Wednesday, October 7, 2009
A Step Back To Gain Momentum?
I didn’t sleep well last night and it screwed up my day. The alarm went off at 5:15. I turned it off, started the coffee, and went back to bed. I got up at 6:45 and didn’t feel any more rested. I dragged myself to work and was not very productive. Then I got an email saying that there would be no “domestic” water. I didn’t want to find out what that meant so I headed home and tried to work there. No dice. I sat at my computer staring and unable to focus. I wanted to go workout, but I couldn’t get myself up. It was so bad that when LMJ took her nap I joined her. I took a very good nap but it didn’t help. It’s 8pm as I write this and I’m ready to go to bed. I’m trying to listen to my body more. My new triathlon book says that I should take breaks when I feel I need to – just like every other piece of exercise literature ever written – and I’m trying to pay attention. I think when I try to push myself when I don’t feel up to it that I set myself back. At some point my body is going to quit or I’m going to injure myself. I’ve also adjusted my nutrition. I’m refueling like I’m supposed to and not dieting just to lose weight.

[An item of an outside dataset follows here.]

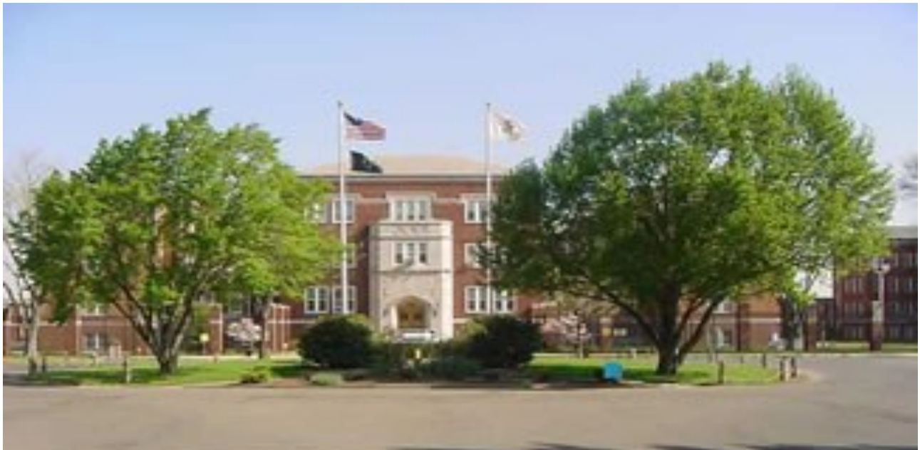
Albert C. Wagner Youth Correctional Facility
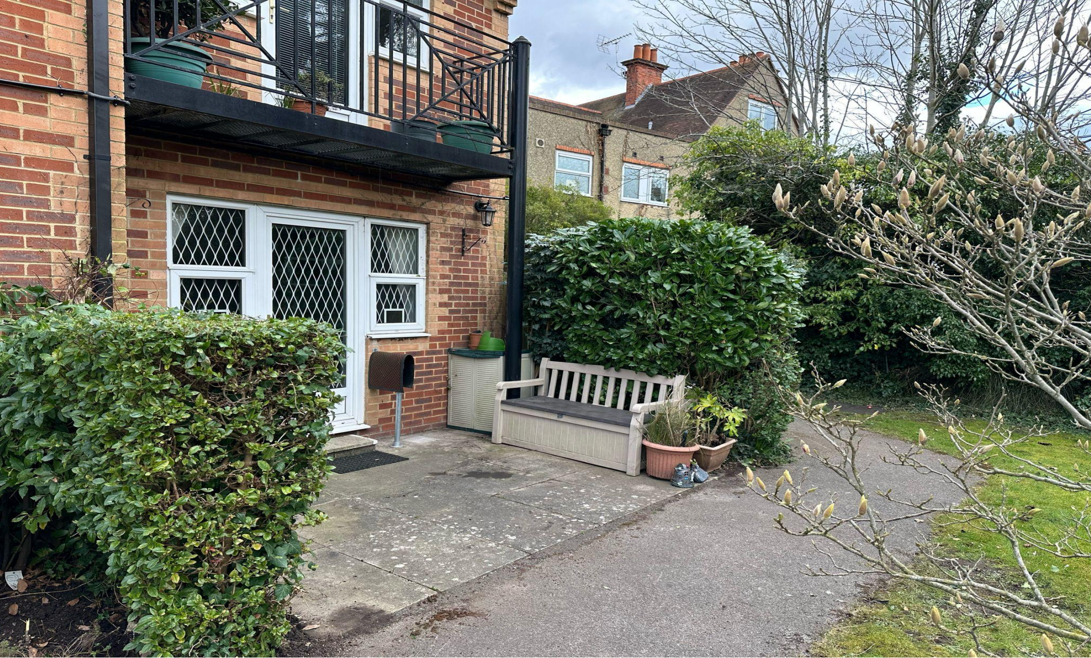
Marlborough House Northcourt Avenue, Reading RG2 7BH

It may slow my weight loss down in the short run, but it’s a lot better for my performance in the long run. I’m not broken down like I was last week, I just didn’t get enough sleep last night so I have to push my sessions back a day. No big deal. What’s funny – and frustrating – is that I continue to do things the hard way when it’s much more efficient to do them the right way the first time. I hope that lesson really is starting to sink in - this. Anyway, legs tomorrow.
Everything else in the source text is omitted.